== Segment start ==
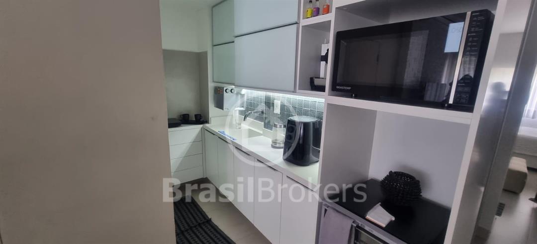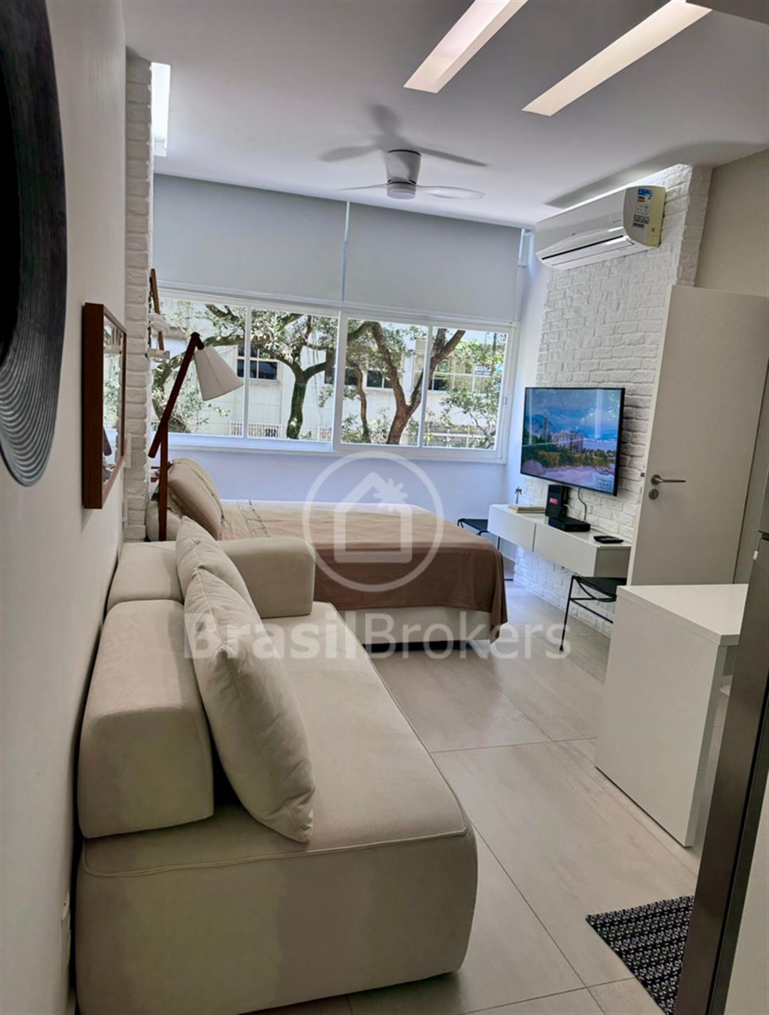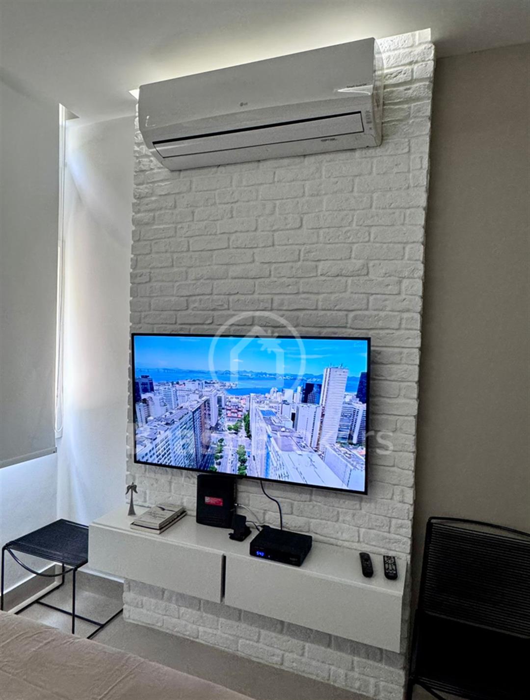 Lindo apartamento conjugado, reformado, de frente, com pequeno hall de entrada, banheiro e cozinha finamente reformados, possuindo armário embutido, no bairro de Copacabana
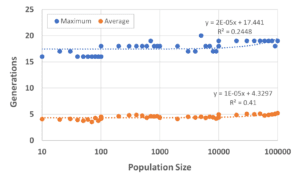 Figure 3: Using my own population modeling software, I was able to estimate the average lifespan of any new, neutral mutation. I ran each population size model 1,000 times and took an average (orange dots). Since most new alleles are lost to genetic drift very quickly, the size of the population is almost irrelevant. In the video, I say “4” generations, but I said that before I had finished all the models runs. I think “5” is a better estimate. It takes, on average, 5 generations for any new mutation to be lost (btw, this also applies to beneficial mutations, as Sanford has shown in his work with Mendel).
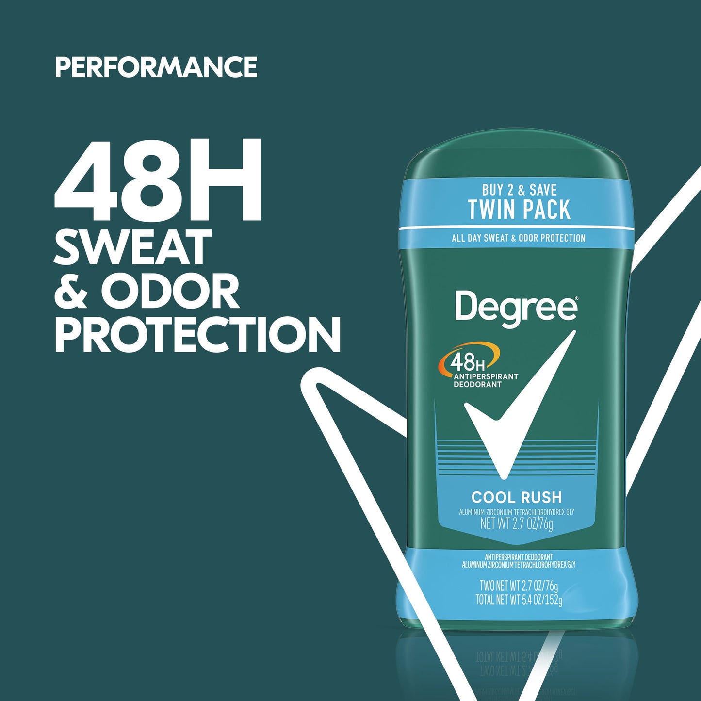 Degree Men Original Antiperspirant Deodorant for Men Cool Rush Twin Pack, 2.7oz. Degree Men Cool Rush Antiperspirant Deodorant delivers 48-hour sweat and odor protection to keep you feeling dry and fresh. This antiperspirant deodorant for men works as hard as you do and offers 48-hour protection, so you can take on the day. Our Cool Rush Antiperspirant Deodorant features a refreshing kick of crisp, arctic freshness. The powerful antiperspirant deodorant responds when you need it most, so you can stay confident without having to worry about slowing down. You can be confident you’ll be protected from sweat and odor by this antiperspirant for men. Stay fresh and feel clean from morning to night. Simply twist, glide and get moving. The crisp, energizing scent helps to keep you as fresh as when you started your day. Stay dry, cool, and confident thanks to Degree Men Cool Rush Antiperspirant Deodorant. At Degree, we want to inspire the confidence in everyone to move more and go further. We’re here to support your journey through an antiperspirant that moves with you and helps you go beyond your limits. As well as increasing our use of reusable materials, we’re making it easier for you to recycle our antiperspirant and dry spray packaging. Degree. It won’t let you down.
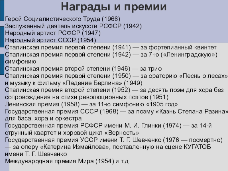 Сталинская премия первой степени (1950) — за ораторию «Песнь о лесах» и музыку к фильму «Падение Берлина» (1949)
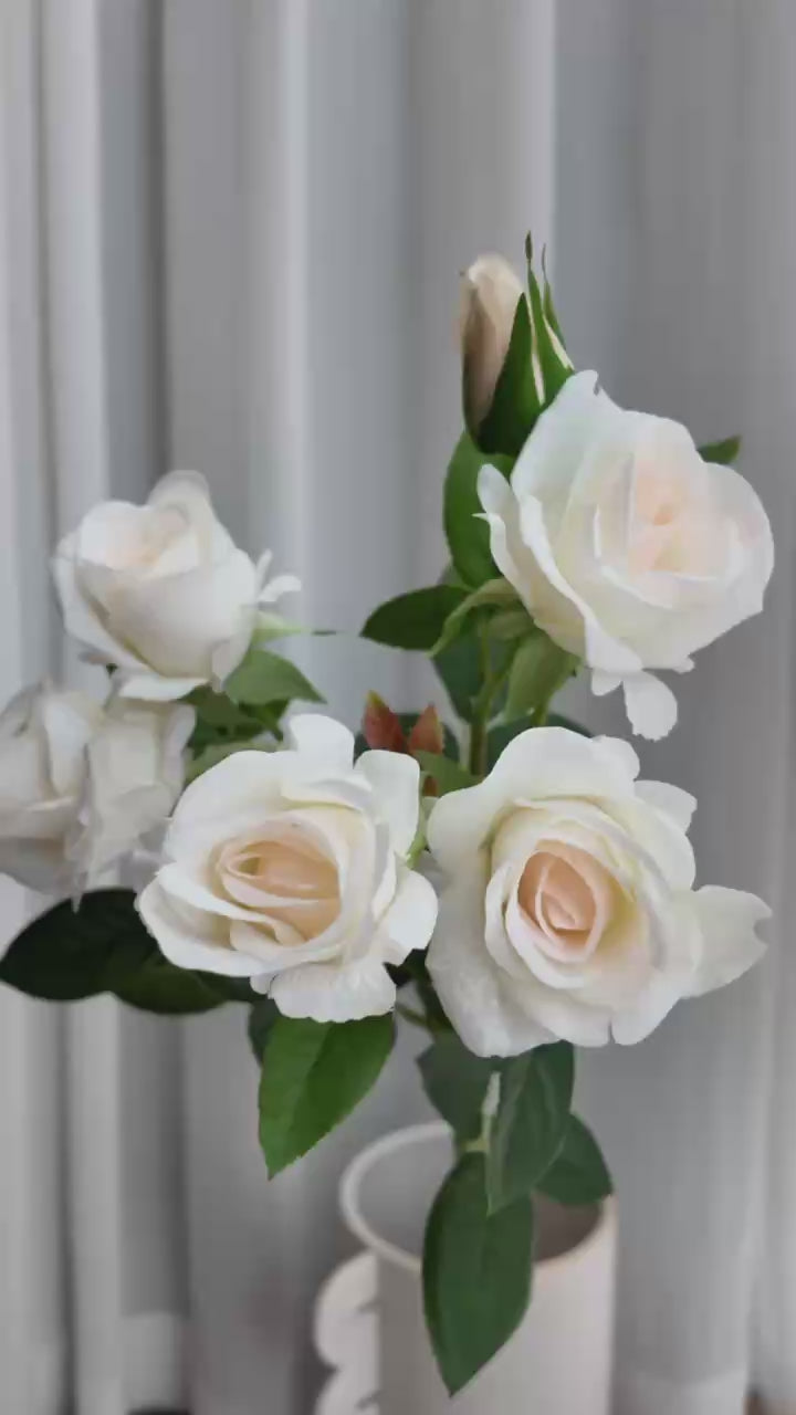 This stunning real-touch artificial multi-headed rose features five fully bloomed flowers and one delicate bud, offering a beautiful, natural look. The petals are crafted with a wet-feel material that mimics the softness and texture of real roses. Standing at 70 cm, the slender stem is adorned with rich green leaves, enhancing the overall lifelike appearance.
== Segment end ==
== Instructions for the task ==
Output every entry above exactly as written, but omit the pictures.

== Output ==
 Lindo apartamento conjugado, reformado, de frente, com pequeno hall de entrada, banheiro e cozinha finamente reformados, possuindo armário embutido, no bairro de Copacabana
 Figure 3: Using my own population modeling software, I was able to estimate the average lifespan of any new, neutral mutation. I ran each population size model 1,000 times and took an average (orange dots). Since most new alleles are lost to genetic drift very quickly, the size of the population is almost irrelevant. In the video, I say “4” generations, but I said that before I had finished all the models runs. I think “5” is a better estimate. It takes, on average, 5 generations for any new mutation to be lost (btw, this also applies to beneficial mutations, as Sanford has shown in his work with Mendel).
 Degree Men Original Antiperspirant Deodorant for Men Cool Rush Twin Pack, 2.7oz. Degree Men Cool Rush Antiperspirant Deodorant delivers 48-hour sweat and odor protection to keep you feeling dry and fresh. This antiperspirant deodorant for men works as hard as you do and offers 48-hour protection, so you can take on the day. Our Cool Rush Antiperspirant Deodorant features a refreshing kick of crisp, arctic freshness. The powerful antiperspirant deodorant responds when you need it most, so you can stay confident without having to worry about slowing down. You can be confident you’ll be protected from sweat and odor by this antiperspirant for men. Stay fresh and feel clean from morning to night. Simply twist, glide and get moving. The crisp, energizing scent helps to keep you as fresh as when you started your day. Stay dry, cool, and confident thanks to Degree Men Cool Rush Antiperspirant Deodorant. At Degree, we want to inspire the confidence in everyone to move more and go further. We’re here to support your journey through an antiperspirant that moves with you and helps you go beyond your limits. As well as increasing our use of reusable materials, we’re making it easier for you to recycle our antiperspirant and dry spray packaging. Degree. It won’t let you down.
 Сталинская премия первой степени (1950) — за ораторию «Песнь о лесах» и музыку к фильму «Падение Берлина» (1949)
 This stunning real-touch artificial multi-headed rose features five fully bloomed flowers and one delicate bud, offering a beautiful, natural look. The petals are crafted with a wet-feel material that mimics the softness and texture of real roses. Standing at 70 cm, the slender stem is adorned with rich green leaves, enhancing the overall lifelike appearance.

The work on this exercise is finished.